Я всматривался в толпу, но знакомых девочек не видел. Тянуло устремиться туда, но это уж совсем смехотворно, к тому же потеряю всё здесь. Хоть что-то — это уже кое-что — резко захотелось выпить, и мы обратились к спонсору.
Репинка с Седышарой пошли за вином, а мы вроде как всё ещё ожидали вокалиста, только жалко почти трезвые. Конечно, наш настрой обильно подкреплялся происходящим на сцене, но вот так, в трезвом уме и памяти, броситься на хоть и зассатенького, но всё же человека и попытаться отгрызть ему голову — на это не способен даже индивидуум, называющий себя Блю Ундино, стремящийся стать самогоном и добровольно одетый в майку «BOSS» (ну и слава богу!), а я и подавно. Тем более публично — а что если не получится, и ещё нам выдадут тачечку кой-чего? Саша предложил чуть отойти и купить хотя бы по бутилочке пивца — если уж сразу не есть голову, то хотя бы будет чем швырнуть — вокруг все почему-то пили по-плебейски-удодски «пиво в кеглях».
Чуть отойдя, мы наткнулись на Зельцер, стоящую тут же под берёзой — словно на картинке, которые выжигают или чеканят на зоне.
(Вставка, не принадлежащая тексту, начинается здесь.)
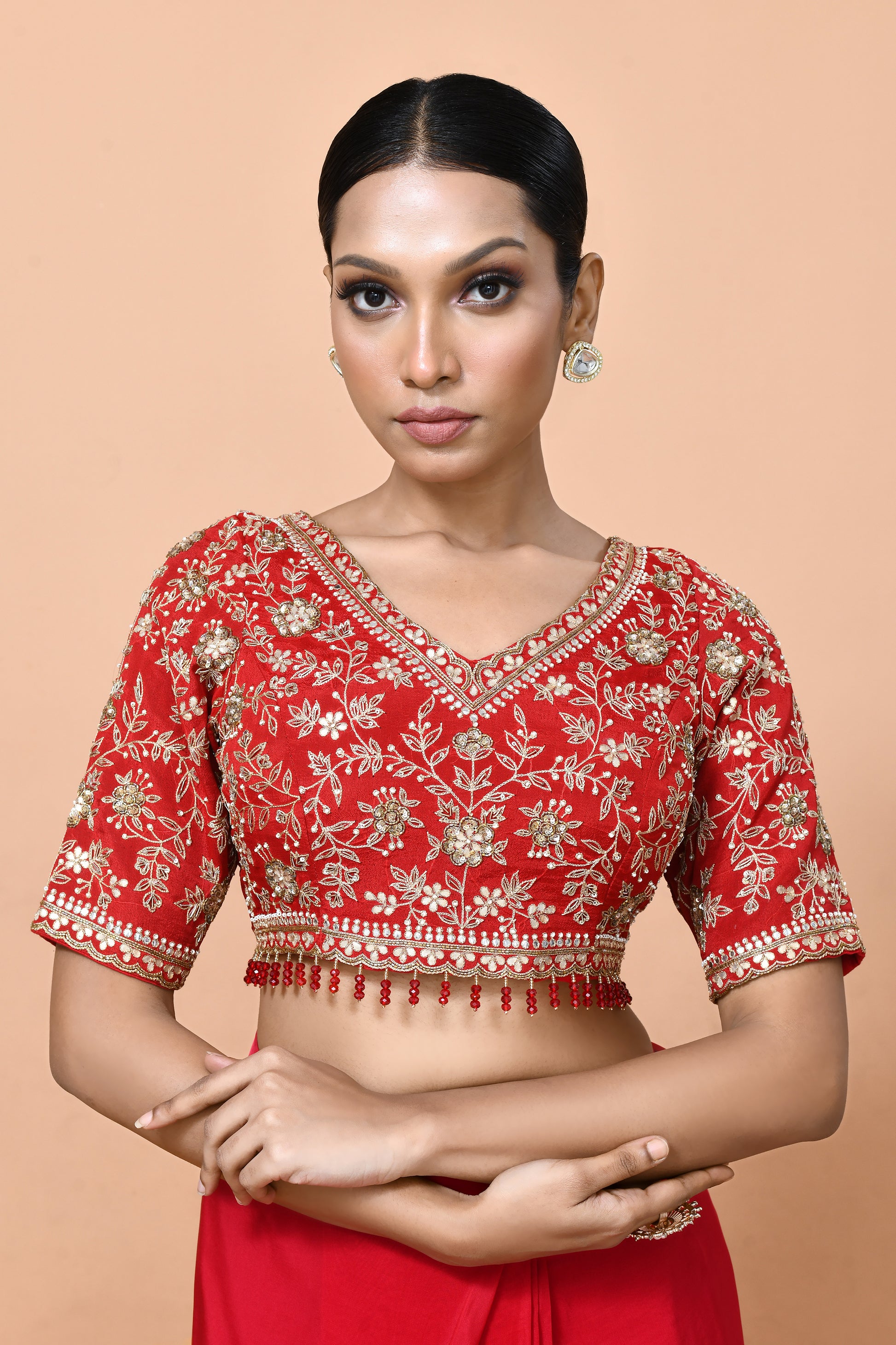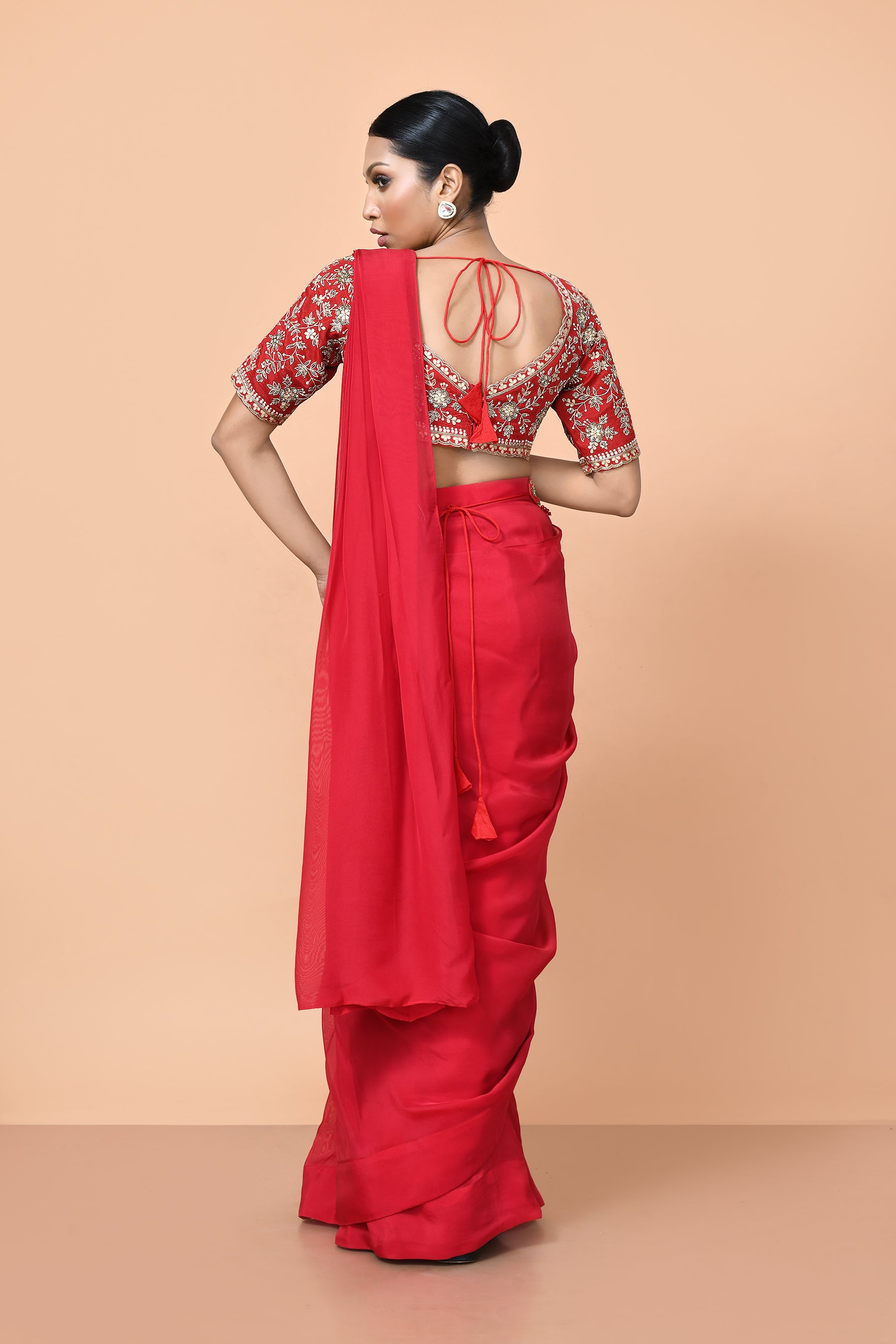 This Designer Wear Red Viscose Organza Saree features a delicate organza drape in a vibrant red shade, crafted from lightweight viscose for graceful flow and comfort. Paired with a sophisticated V-neck blouse, it offers an elegant silhouette perfect for formal events and celebrations. The combination of sheer texture and vivid color creates a timeless yet modern attire that enhances your presence with subtle refinement.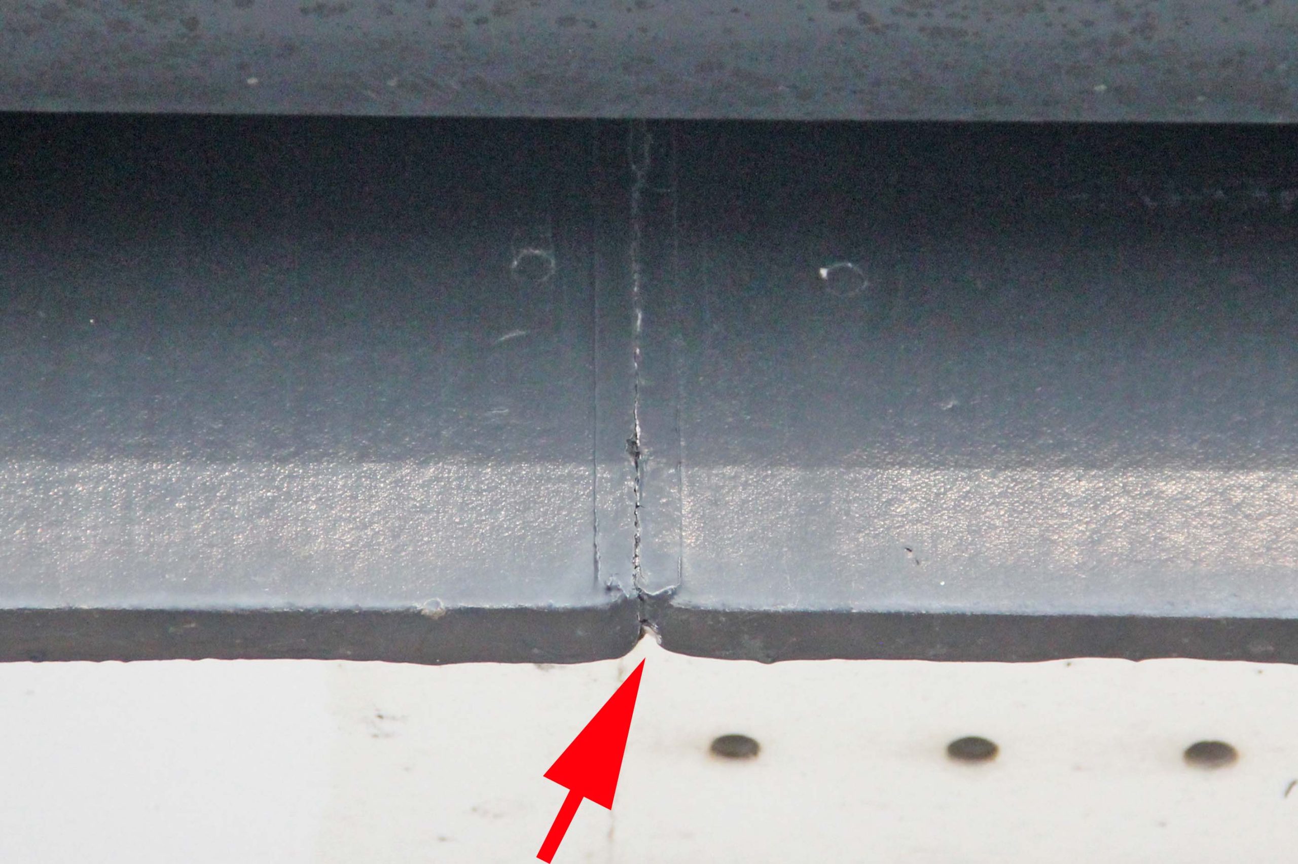 樋も箇所によりやや変色やジョイント部分に隙間が有り雨水が流れ出た痕が見られました。材質そのものもやや脆くなって来ていました。これは加水分解によるものです。加水分解と言うのは水と反応して分解を起こしてしまう事で、空気中の窒素、紫外線、微生物、空気に含まれる水分等で起きてしまいます。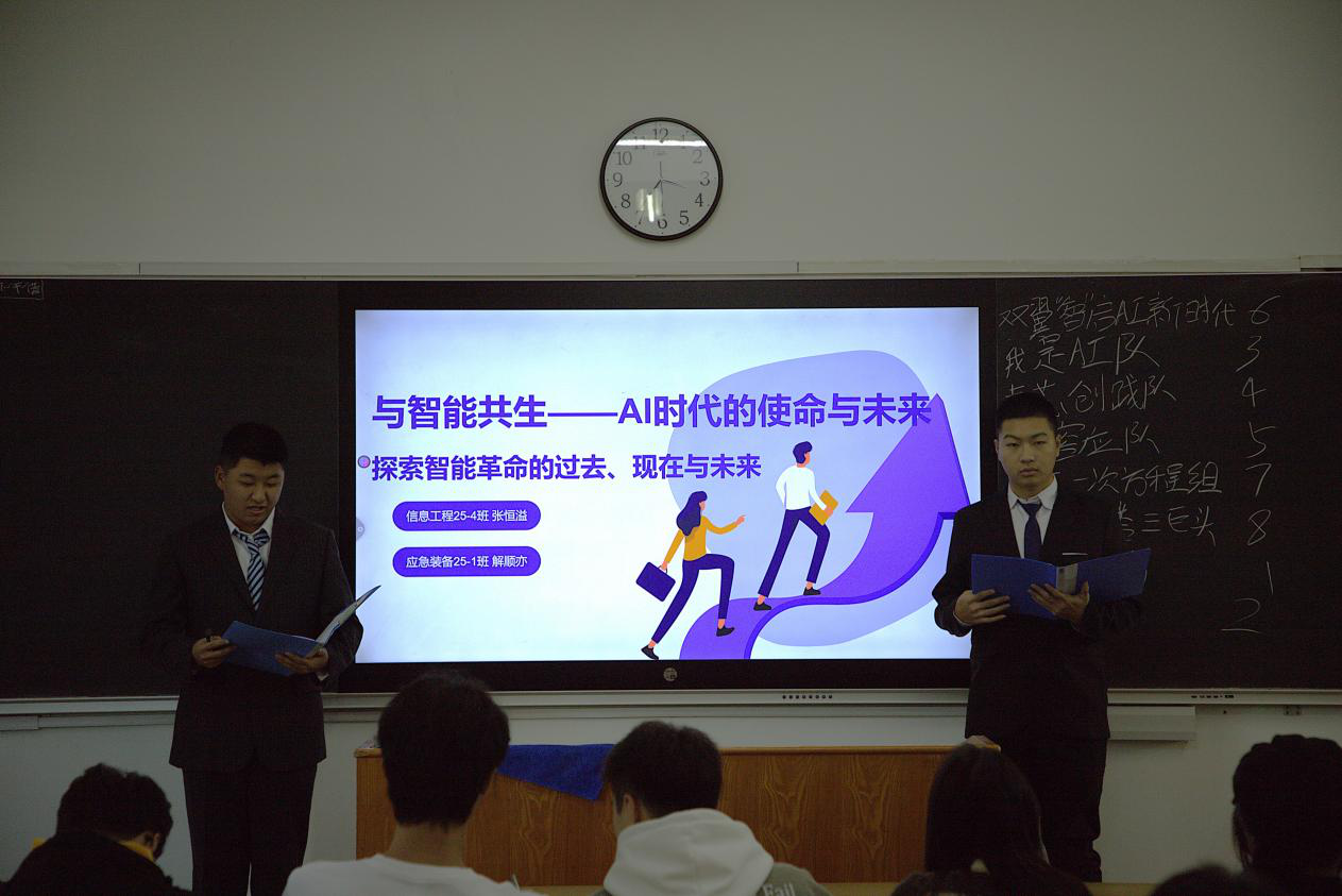 比赛以ppt展示的形式进行,8组参赛选手围绕“AI与时代发展”主题依次展演。有的选手从AI技术溯源切入,结合典型案例剖析其社会影响;有的选手以智能家居、智能交通等生活场景为载体,直观呈现AI技术的应用价值;有的选手聚焦未来展望,围绕AI伦理议题展开思辨并提出应对思路,充分展现了独到的见解,比赛现场氛围热烈。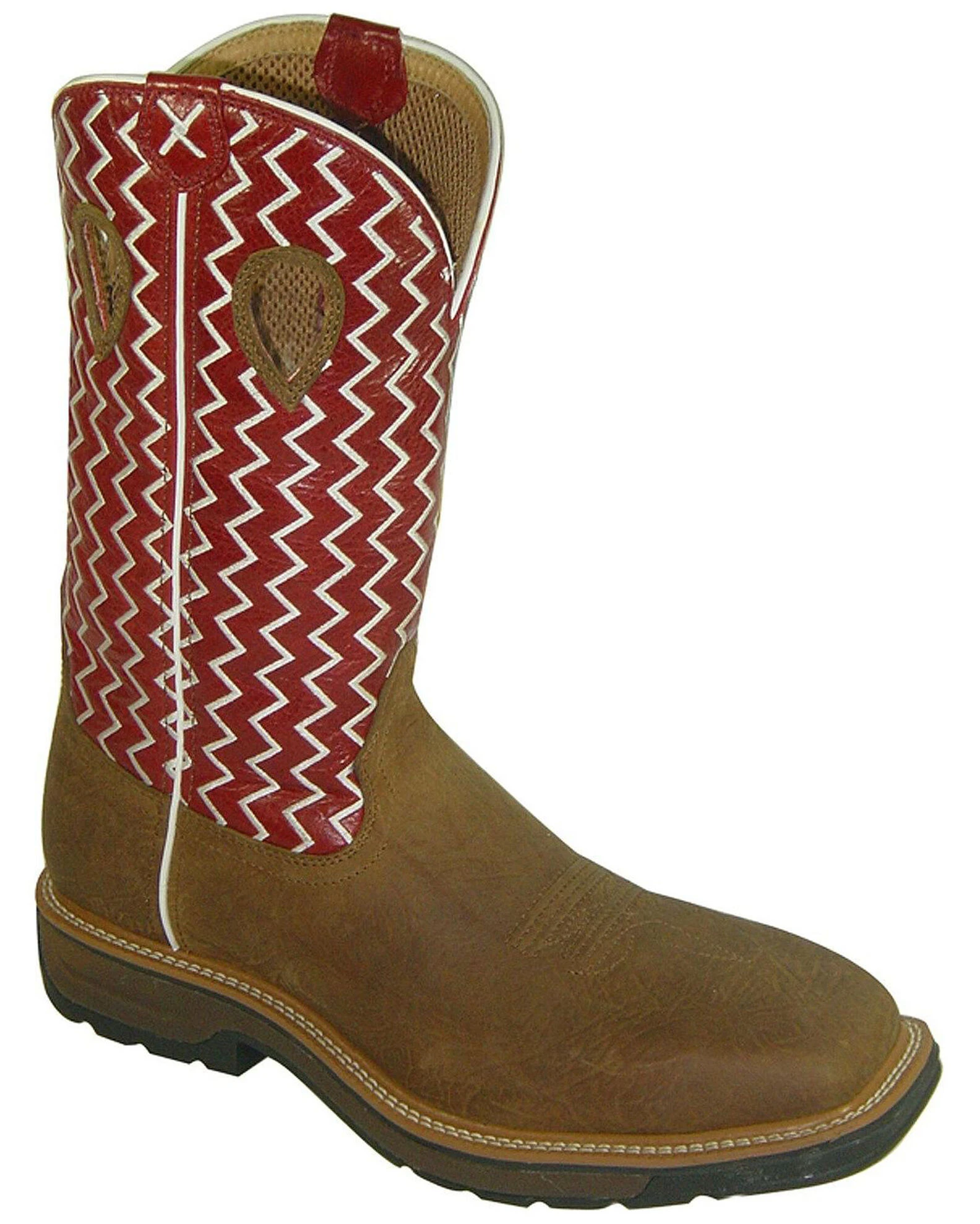 These square steel toe, all leather boots from Twisted X feature a low profile that looks just like an original cowboy boot. These Work Boots feature oil and slip resistant rubber outsole. These boots are made to hold together and perform, Twisted X is confident that this is the best overall work boot package; you’ve got better things to worry about than feet. “Keep them doggies smilin; just pull ‘em on and leave em’ on.”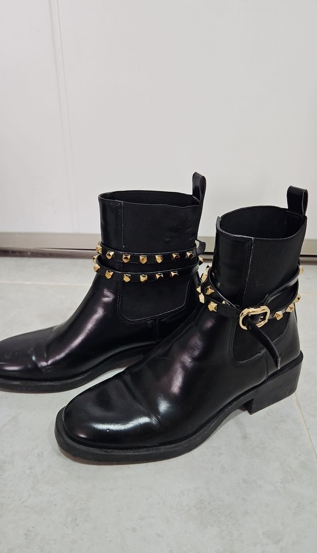Parlak siyah deri botlar, altın tokalı kayışlar ve çivili detaylarla, blok topuklu, günlük kullanım için rock punk tarzında. ⚡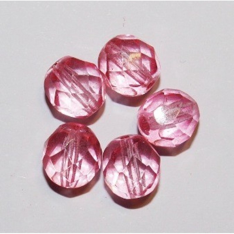 Caurspīdīga, tumši rozā krāsas ugunspulēta stikla pērle. Diametrs 8mm. Cena par 10 gab.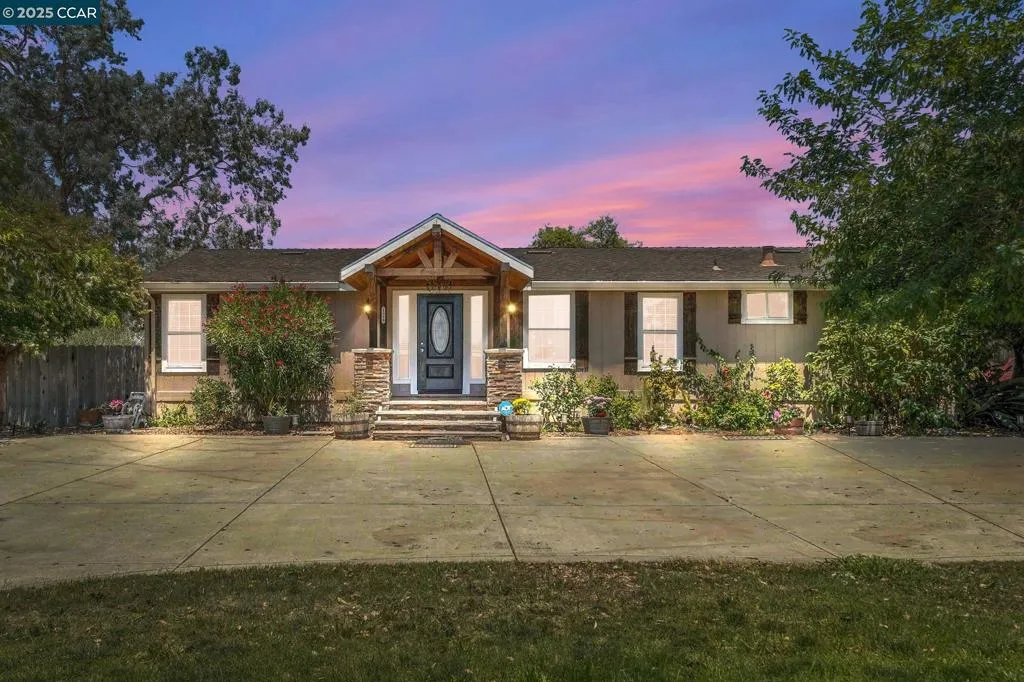 Peaceful country living and equestrian oasis, nestled on nearly 11 acres of land with serene views of Mt. Diablo. This ranch-style home greets you with a charming custom-designed portico, and remodeled features throughout. The primary suite features a dazzling ensuite bathroom with stunning marble tile flooring & walk-in shower. A spacious kitchen features granite countertops, custom tile backsplash, and stainless-steel appliances. The custom French back doors lead to an expansive back deck with a large pergola and stunning views. Outside you’ll find a charming 4-stall mare motel & breezeway leading to an open pasture, large round pen, and an outdoor riding arena. The property is furnished with a large workshop (48’ x 31’) equipped with ventilation fans, lighting, electrical, water, a great opportunity for an ADU! A detached garage (40’ x 30’) that can easily fit 4+ cars, with an electric roll-up door, 220v, RV hookups, and overhead lighting. Additionally, the property is fully fenced, including cross fencing, and two entry gates located in the front leading to an expansive driveway and plenty of space for parking. Enjoy peaceful country living on this property, adorned with blooming crepe myrtle, various fruit trees, gorgeous views and plenty of space for everything you need.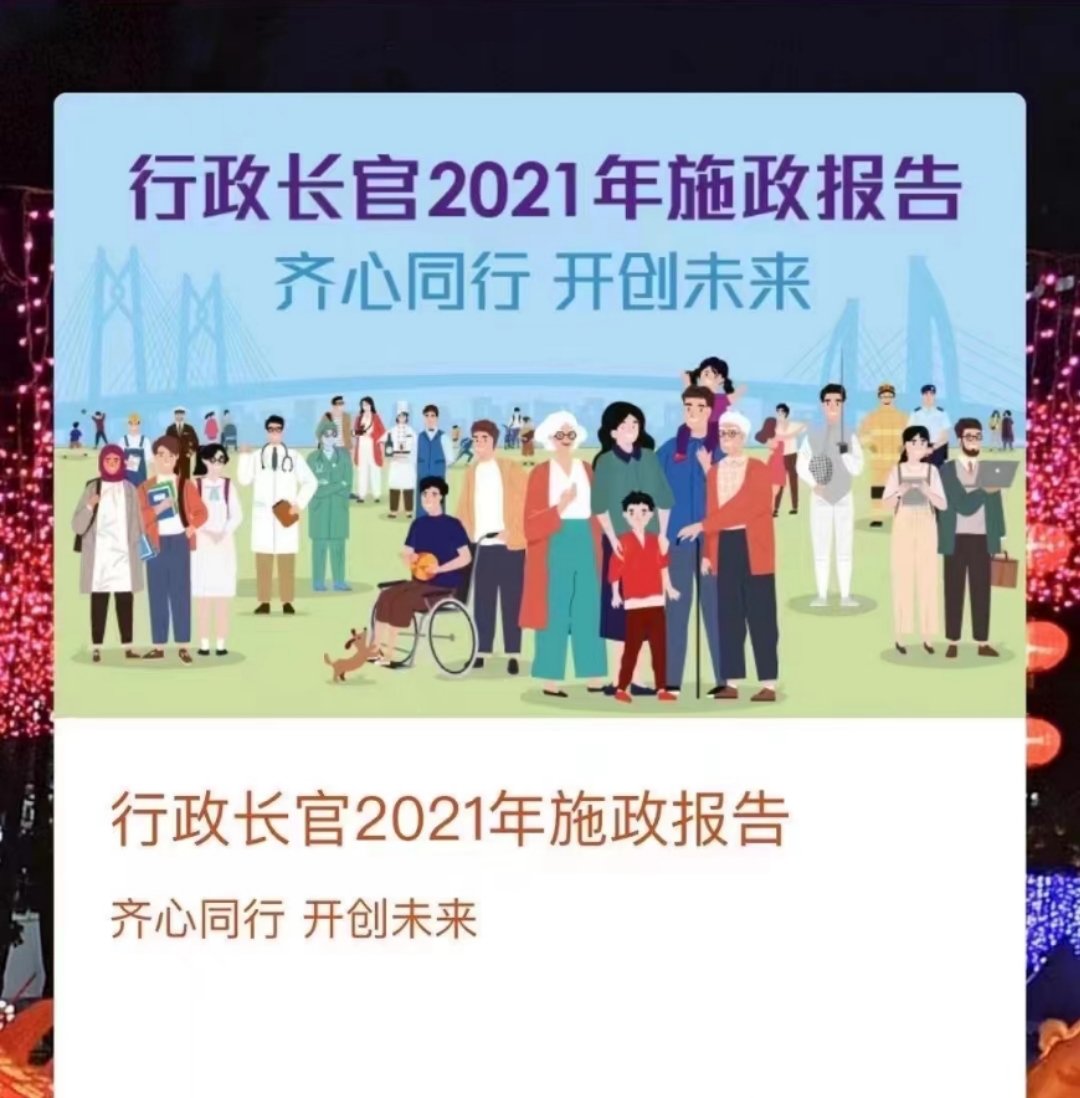 2021年香港《施政报告》以“齐心同行 开创未来”为题。林郑月娥提到,香港过去两年经历前所未有的严峻挑战,在中央政府的全力支持下,现已回到“一国两制”的正确轨道。在《十四五规划纲要》、《粤港澳大湾区发展规划纲要》和《全面深化前海深港现代服务业合作区改革开放方案》之下,香港企业和专业服务提供者享有无限机遇;香港只要用好中央支持特区的政策,发挥独特优势,将可为经济注入源源不绝的动力。

Она была всё та же: на ней была, кажется, коттонка, на которую были выпущены вьющиеся волосы, она опять была брутально накрашена. (Хотя я наверно обратил на неё столько же внимания, сколько Гумберт Гумберт уделил бы старушке Шапокляк, присевшей на корточки в песочнице и играющей со щеночком). Саша, как вы заметили, всегда был очень непосредственен в своих эмоциях и высказываниях: «Ты что, тоже подкрадываешься пиздить вокалиста?» Она сказала, что с удовольствием бы ду ит, да ещё и с Васей Ручкиным, коего она ожидает уже час.